→ TASK TO COMPLETE
Look through the data below and output, unchanged, every line from the one holding "Выкладываем получившиеся рулетики" through the one holding "Victory Belles sing", inclusive. Skip the pictures.

→ DATASET EXCERPTS

※

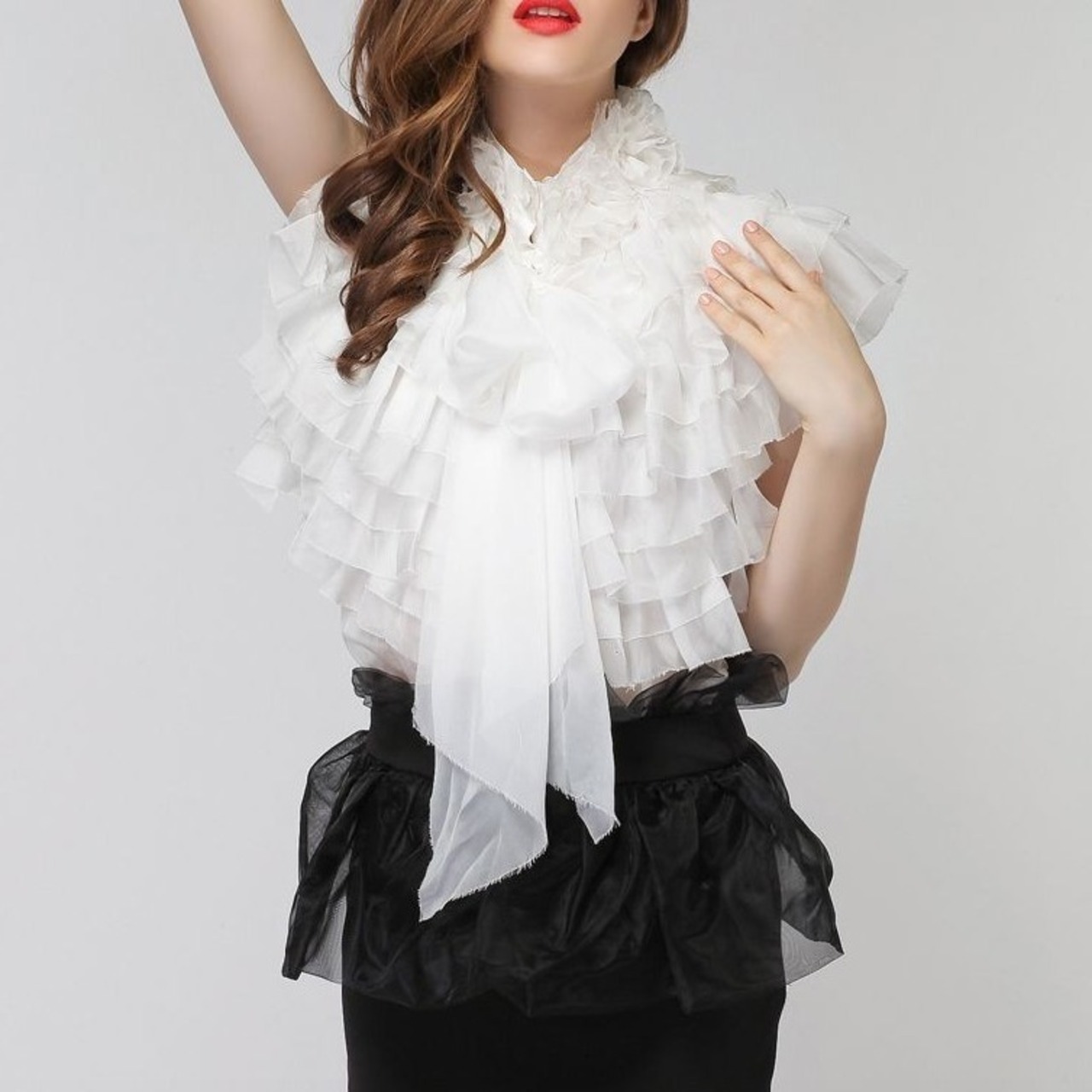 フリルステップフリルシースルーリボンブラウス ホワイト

※

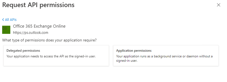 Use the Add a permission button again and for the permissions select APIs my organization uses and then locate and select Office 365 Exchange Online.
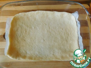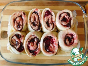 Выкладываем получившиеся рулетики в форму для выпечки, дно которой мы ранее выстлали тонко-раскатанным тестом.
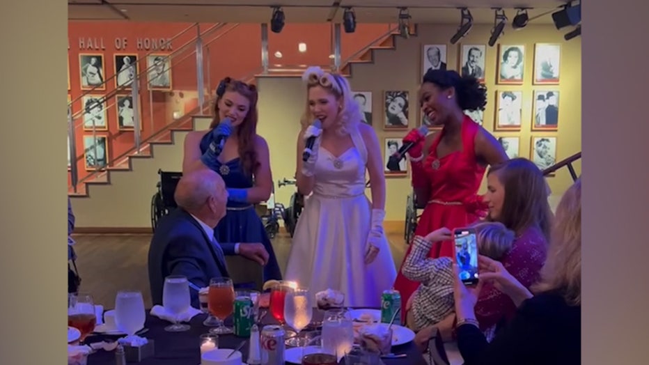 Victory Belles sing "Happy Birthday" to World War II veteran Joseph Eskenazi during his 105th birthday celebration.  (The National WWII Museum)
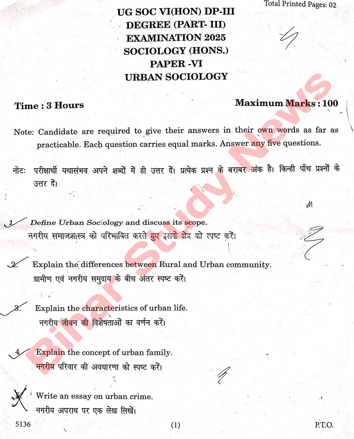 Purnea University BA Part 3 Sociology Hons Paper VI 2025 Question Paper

※

→ SOLUTION TO THE EXERCISE
 Выкладываем получившиеся рулетики в форму для выпечки, дно которой мы ранее выстлали тонко-раскатанным тестом.
 Victory Belles sing "Happy Birthday" to World War II veteran Joseph Eskenazi during his 105th birthday celebration.  (The National WWII Museum)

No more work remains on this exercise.